At the late February extradition hearing in Woolwich Court, adjacent to Belmarsh prison, there were only 16 seats for the public. Four US representatives were present, one of whom made an opening statement. An Australian consular official attended for some of the time. Present throughout was former British ambassador Craig Murray, who reported in detail in his blog. Australian academic Binoy Kampmark summarised each day for the news and opinion website OffGuardian.

Every contrivable arrangement favoured the prosecution and disadvantaged Assange. He could not privately consult his lawyers, whose conversations with him had been monitored in any case. The district judge, Vanessa Baraitser, repeatedly interrupted defence counsel but not the prosecution, who had occasion to correct her on one or two points. On the final day, Baraitser read her concluding statement from a document that Murray says he saw her bring in at the start of the trial.

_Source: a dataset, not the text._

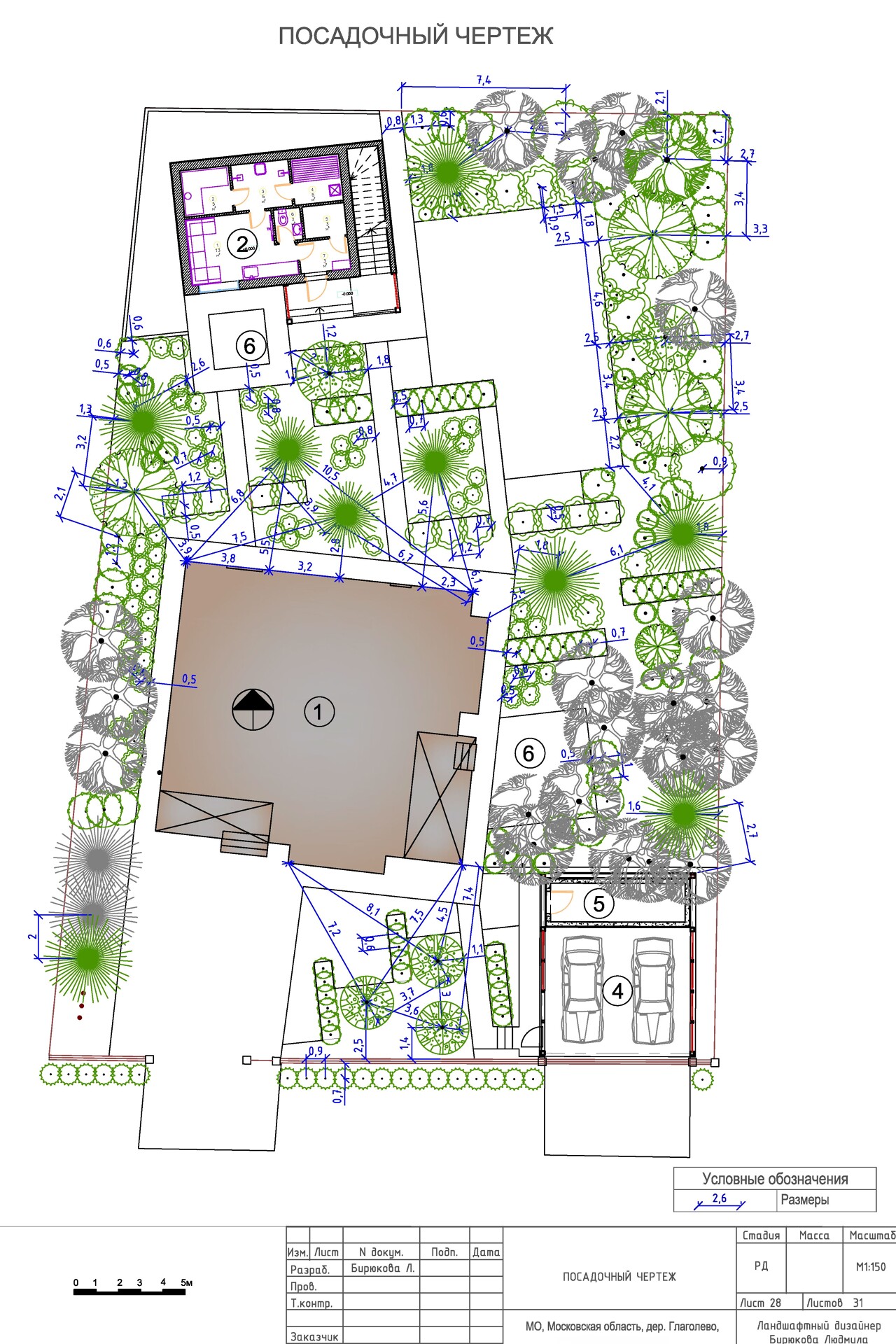 Посадочный чертеж. Содержит в себе все необходимые размерные данные для точного определения места посадки растений.

The defence demolished the prosecution’s case that Assange had conspired with Chelsea Manning, and that he had recklessly harmed people by releasing the documents. The prosecution argued that Assange’s actions were covered by the UK’s Extradition Act of 2003, which does not bar extradition for crimes of a political nature. The US and UK extradition treaty of 2007, which applies in all US cases, bars extradition for political offences but is not incorporated into UK law. The US representatives sought for the UK act to apply to Assange, rather the treaty.

Assange’s publications were not intended to overthrow any government, the defence said. They argued that espionage itself is a political act, and that the terms of the treaty banning extradition should apply, as should the European Convention on Human Rights.

The hearing will resume in April, for two or three more weeks. Arguments will be advanced about whether any imprisonment in the US would allow for parole, and whether Assange is fit to travel and stand trial in the first place. A long appeal process will follow, to the UK High Court and Supreme Court, with either the US or Assange as the appellant.

It is hard to see the proceedings against Assange as anything but a show trial, a long, slow process to reach a politically predetermined conclusion. If Baraitser finds for the prosecution, the Woolwich Crown Court will be widely regarded as a courtier of the United States.

Alison Broinowski

Dr Alison Broinowski, a former Australian diplomat and academic, writes on terrorism and related topics.